What to work on: In the material below, find the line with "[opc@oke-bastion ~]$ sudo visudo" and the line with "Ghanaian gospel musician". Output exactly those two lines and all lines between them, leaving out pictures.

Input:
+++++

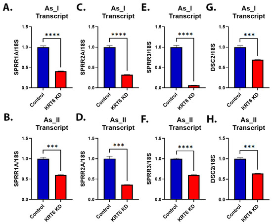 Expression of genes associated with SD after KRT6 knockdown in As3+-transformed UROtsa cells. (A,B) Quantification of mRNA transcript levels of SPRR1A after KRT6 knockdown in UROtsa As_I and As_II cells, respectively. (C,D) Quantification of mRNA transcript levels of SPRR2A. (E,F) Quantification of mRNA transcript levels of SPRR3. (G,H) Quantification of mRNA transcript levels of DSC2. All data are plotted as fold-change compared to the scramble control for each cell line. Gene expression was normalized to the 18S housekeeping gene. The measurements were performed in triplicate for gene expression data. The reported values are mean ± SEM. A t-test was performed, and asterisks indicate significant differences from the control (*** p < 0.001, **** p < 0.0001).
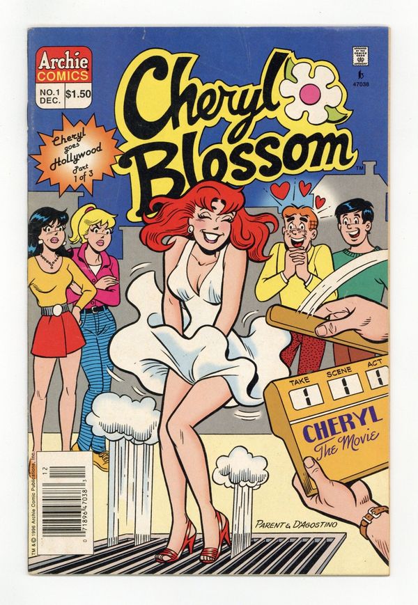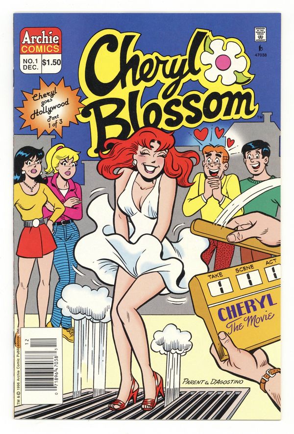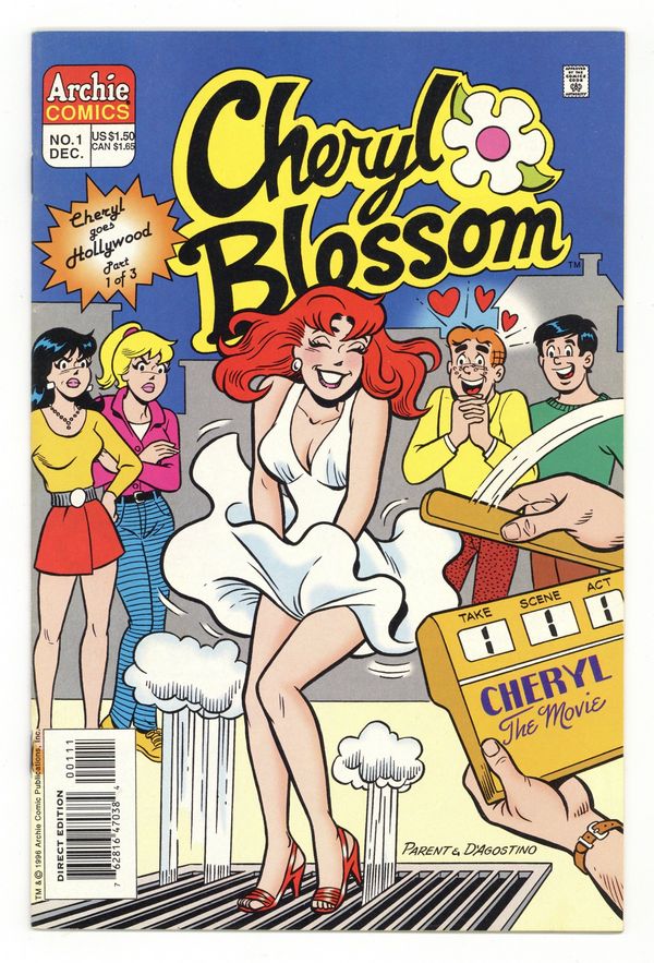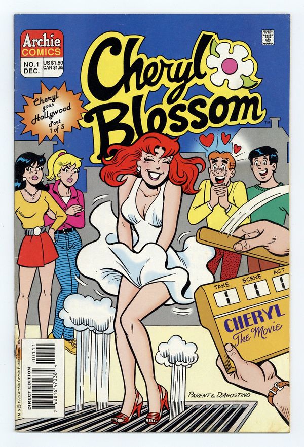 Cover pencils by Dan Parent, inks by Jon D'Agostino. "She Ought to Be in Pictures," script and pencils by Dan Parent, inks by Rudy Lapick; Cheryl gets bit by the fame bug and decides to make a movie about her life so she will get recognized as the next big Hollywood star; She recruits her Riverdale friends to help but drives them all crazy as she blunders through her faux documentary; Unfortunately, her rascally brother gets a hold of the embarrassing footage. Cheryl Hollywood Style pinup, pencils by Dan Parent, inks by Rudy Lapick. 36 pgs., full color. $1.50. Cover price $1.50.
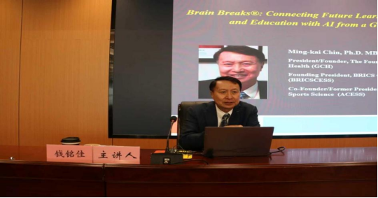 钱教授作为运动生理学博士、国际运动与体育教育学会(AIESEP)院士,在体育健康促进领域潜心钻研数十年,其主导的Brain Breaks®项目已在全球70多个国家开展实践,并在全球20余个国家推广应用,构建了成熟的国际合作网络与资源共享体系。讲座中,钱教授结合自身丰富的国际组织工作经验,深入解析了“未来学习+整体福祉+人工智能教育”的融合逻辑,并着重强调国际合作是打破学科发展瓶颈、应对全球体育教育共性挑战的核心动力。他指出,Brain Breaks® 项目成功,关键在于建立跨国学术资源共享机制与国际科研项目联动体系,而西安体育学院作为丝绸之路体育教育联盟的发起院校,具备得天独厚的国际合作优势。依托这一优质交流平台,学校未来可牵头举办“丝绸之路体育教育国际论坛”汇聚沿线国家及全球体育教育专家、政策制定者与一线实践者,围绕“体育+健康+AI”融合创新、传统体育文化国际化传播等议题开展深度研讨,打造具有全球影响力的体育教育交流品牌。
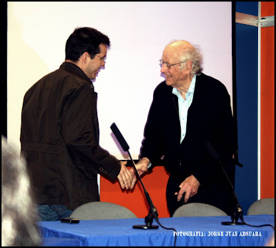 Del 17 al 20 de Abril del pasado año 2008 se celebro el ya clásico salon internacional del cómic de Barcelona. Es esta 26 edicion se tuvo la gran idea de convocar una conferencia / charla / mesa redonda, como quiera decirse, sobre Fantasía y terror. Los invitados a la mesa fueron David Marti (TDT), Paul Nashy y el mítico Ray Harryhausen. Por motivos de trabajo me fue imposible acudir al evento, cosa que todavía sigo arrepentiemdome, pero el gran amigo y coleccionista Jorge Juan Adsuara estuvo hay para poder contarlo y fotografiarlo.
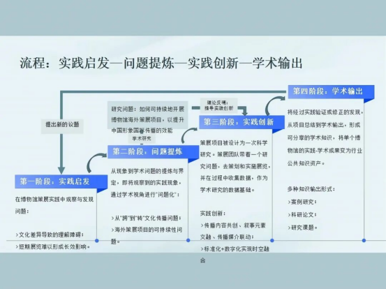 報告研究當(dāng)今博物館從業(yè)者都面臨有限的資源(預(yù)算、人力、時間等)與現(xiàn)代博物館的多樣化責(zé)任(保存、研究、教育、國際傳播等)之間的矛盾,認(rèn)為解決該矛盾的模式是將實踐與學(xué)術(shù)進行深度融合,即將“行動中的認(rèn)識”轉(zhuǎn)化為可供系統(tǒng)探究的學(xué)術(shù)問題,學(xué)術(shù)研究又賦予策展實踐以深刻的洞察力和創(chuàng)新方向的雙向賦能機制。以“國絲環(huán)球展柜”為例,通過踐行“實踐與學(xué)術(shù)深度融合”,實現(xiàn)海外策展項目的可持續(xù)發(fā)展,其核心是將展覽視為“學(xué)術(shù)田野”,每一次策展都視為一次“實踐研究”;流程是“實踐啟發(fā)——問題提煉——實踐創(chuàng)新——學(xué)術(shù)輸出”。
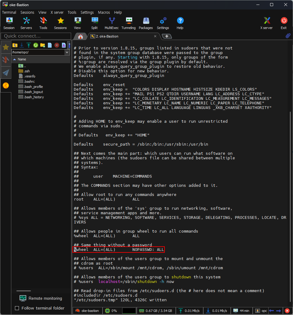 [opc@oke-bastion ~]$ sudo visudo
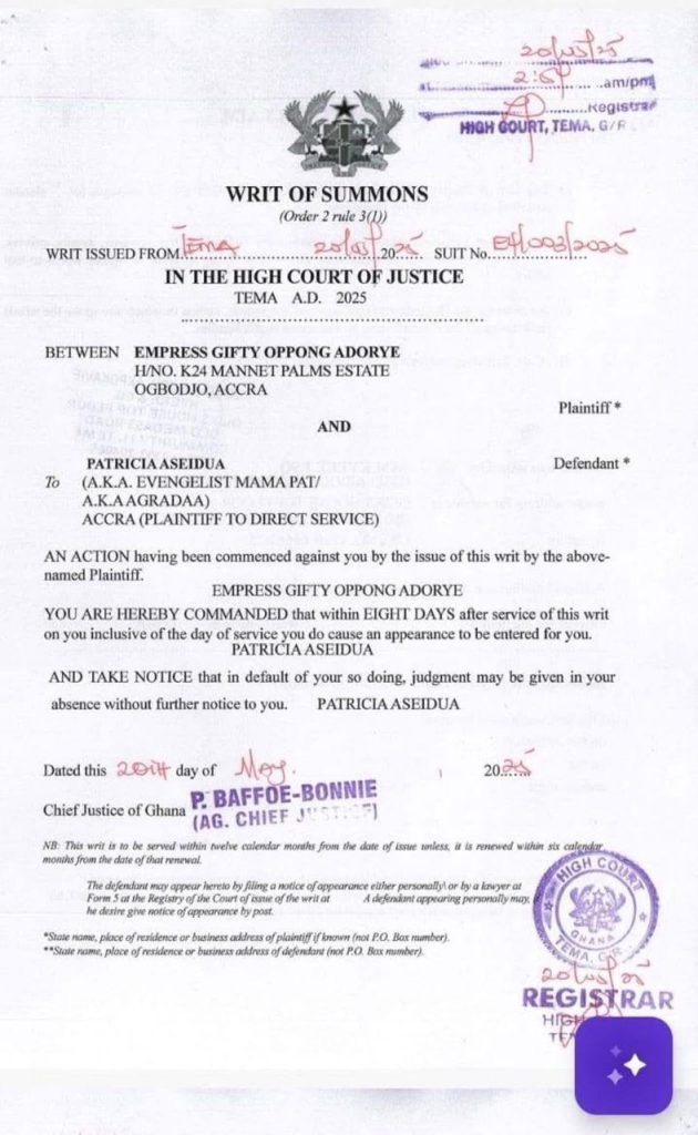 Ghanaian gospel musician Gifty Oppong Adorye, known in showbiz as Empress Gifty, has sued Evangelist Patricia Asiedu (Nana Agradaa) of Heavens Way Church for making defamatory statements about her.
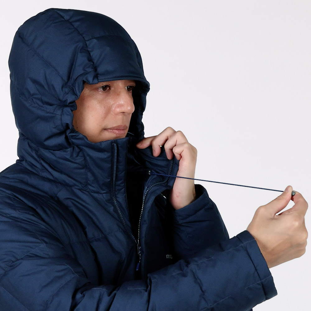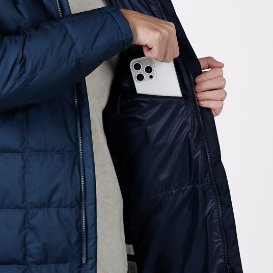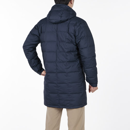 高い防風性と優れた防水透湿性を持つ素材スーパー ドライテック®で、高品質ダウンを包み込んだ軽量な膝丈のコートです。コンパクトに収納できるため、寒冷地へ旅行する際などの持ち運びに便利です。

+++++

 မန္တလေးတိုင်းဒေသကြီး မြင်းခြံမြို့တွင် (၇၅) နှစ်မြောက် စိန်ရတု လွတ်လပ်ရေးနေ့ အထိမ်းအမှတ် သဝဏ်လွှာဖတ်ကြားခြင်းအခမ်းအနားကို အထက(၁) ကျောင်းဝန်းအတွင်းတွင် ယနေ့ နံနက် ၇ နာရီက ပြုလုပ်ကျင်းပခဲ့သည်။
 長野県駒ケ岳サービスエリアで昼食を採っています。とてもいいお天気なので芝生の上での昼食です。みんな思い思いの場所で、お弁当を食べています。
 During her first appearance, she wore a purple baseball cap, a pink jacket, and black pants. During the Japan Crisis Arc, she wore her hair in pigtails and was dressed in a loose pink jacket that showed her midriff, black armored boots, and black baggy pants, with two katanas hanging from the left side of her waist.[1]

+++++

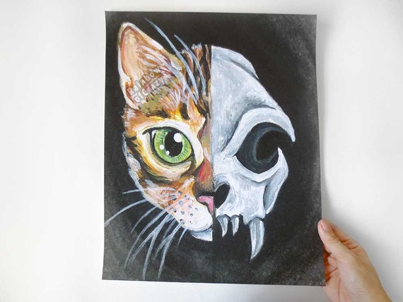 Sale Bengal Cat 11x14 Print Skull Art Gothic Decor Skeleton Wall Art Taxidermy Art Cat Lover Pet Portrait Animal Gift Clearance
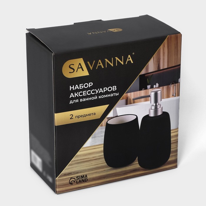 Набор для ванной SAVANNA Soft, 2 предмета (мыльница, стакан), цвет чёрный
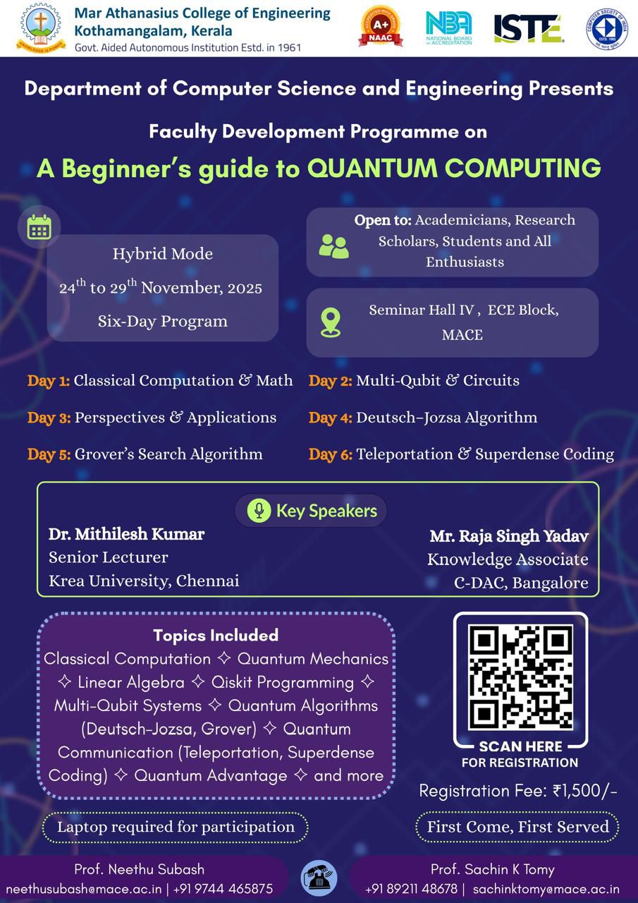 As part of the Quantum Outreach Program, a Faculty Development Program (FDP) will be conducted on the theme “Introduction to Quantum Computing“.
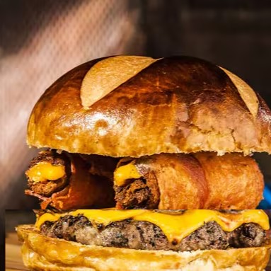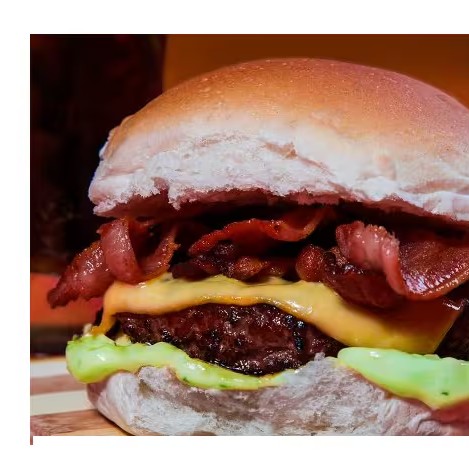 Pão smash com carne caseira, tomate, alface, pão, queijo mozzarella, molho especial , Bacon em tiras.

+++++

Solved problem:
 [opc@oke-bastion ~]$ sudo visudo
 Ghanaian gospel musician Gifty Oppong Adorye, known in showbiz as Empress Gifty, has sued Evangelist Patricia Asiedu (Nana Agradaa) of Heavens Way Church for making defamatory statements about her.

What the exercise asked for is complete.